= Supplied material =
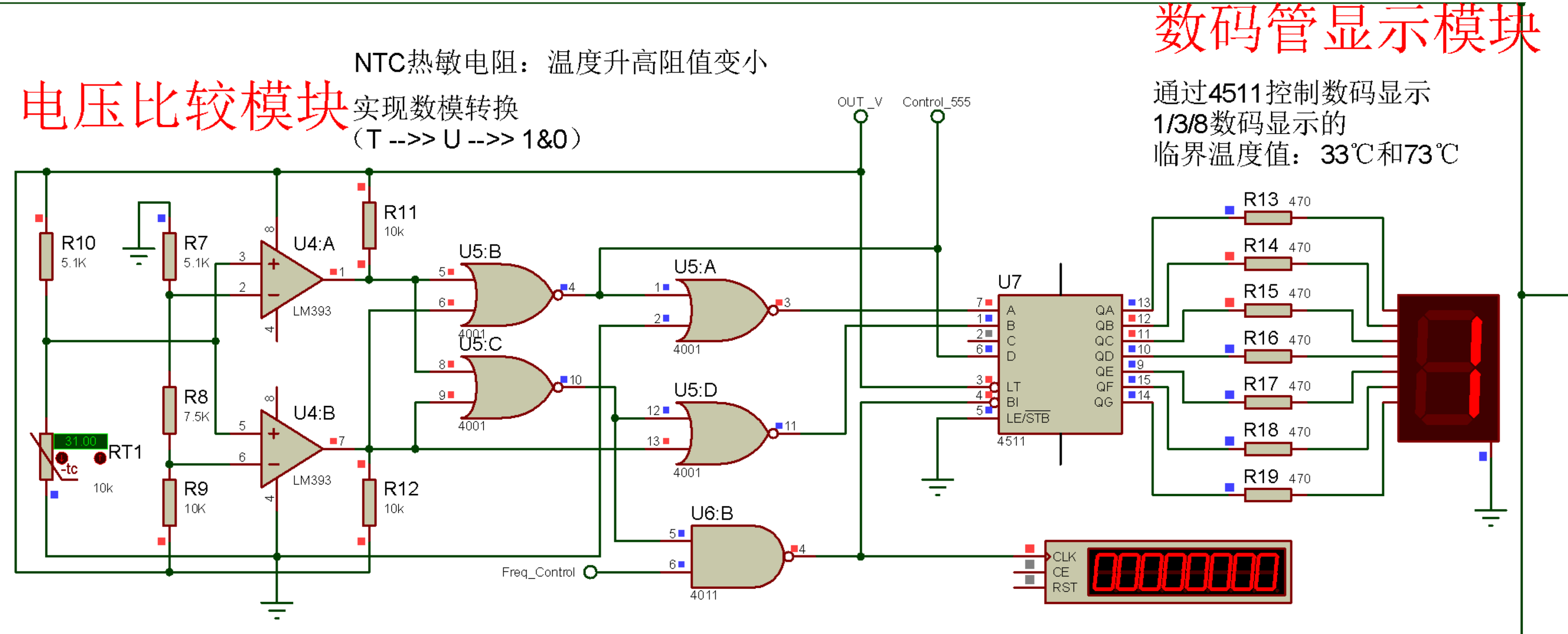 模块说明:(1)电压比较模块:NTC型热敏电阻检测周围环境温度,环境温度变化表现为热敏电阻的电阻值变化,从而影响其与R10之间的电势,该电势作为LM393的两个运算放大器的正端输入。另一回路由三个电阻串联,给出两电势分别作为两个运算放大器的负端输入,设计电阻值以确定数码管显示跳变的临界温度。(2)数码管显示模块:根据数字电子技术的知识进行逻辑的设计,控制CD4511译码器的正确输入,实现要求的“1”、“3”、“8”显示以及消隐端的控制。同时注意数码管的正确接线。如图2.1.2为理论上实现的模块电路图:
--
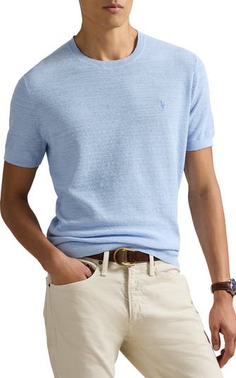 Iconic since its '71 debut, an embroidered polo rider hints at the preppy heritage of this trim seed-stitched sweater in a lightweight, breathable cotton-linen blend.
---
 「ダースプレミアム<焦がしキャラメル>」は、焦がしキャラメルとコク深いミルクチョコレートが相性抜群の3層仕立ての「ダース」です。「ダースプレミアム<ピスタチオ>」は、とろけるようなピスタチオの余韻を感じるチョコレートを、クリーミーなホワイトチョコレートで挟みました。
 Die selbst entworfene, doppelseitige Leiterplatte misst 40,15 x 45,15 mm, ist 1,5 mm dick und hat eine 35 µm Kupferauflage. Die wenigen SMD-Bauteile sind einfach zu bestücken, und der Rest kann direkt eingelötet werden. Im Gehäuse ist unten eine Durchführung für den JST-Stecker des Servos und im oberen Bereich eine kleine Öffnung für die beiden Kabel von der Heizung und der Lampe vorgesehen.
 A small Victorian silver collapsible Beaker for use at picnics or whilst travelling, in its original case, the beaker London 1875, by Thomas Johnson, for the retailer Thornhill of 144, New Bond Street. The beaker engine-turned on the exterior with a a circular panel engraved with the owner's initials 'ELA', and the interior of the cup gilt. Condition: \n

= Task brief =
Everything above from the line with "Die selbst entworfene, doppelseitige" to the line with "A small Victorian", both included, must be repeated exactly, and nothing outside that range.

= Problem solution =
 Die selbst entworfene, doppelseitige Leiterplatte misst 40,15 x 45,15 mm, ist 1,5 mm dick und hat eine 35 µm Kupferauflage. Die wenigen SMD-Bauteile sind einfach zu bestücken, und der Rest kann direkt eingelötet werden. Im Gehäuse ist unten eine Durchführung für den JST-Stecker des Servos und im oberen Bereich eine kleine Öffnung für die beiden Kabel von der Heizung und der Lampe vorgesehen.
 A small Victorian silver collapsible Beaker for use at picnics or whilst travelling, in its original case, the beaker London 1875, by Thomas Johnson, for the retailer Thornhill of 144, New Bond Street. The beaker engine-turned on the exterior with a a circular panel engraved with the owner's initials 'ELA', and the interior of the cup gilt. Condition: \n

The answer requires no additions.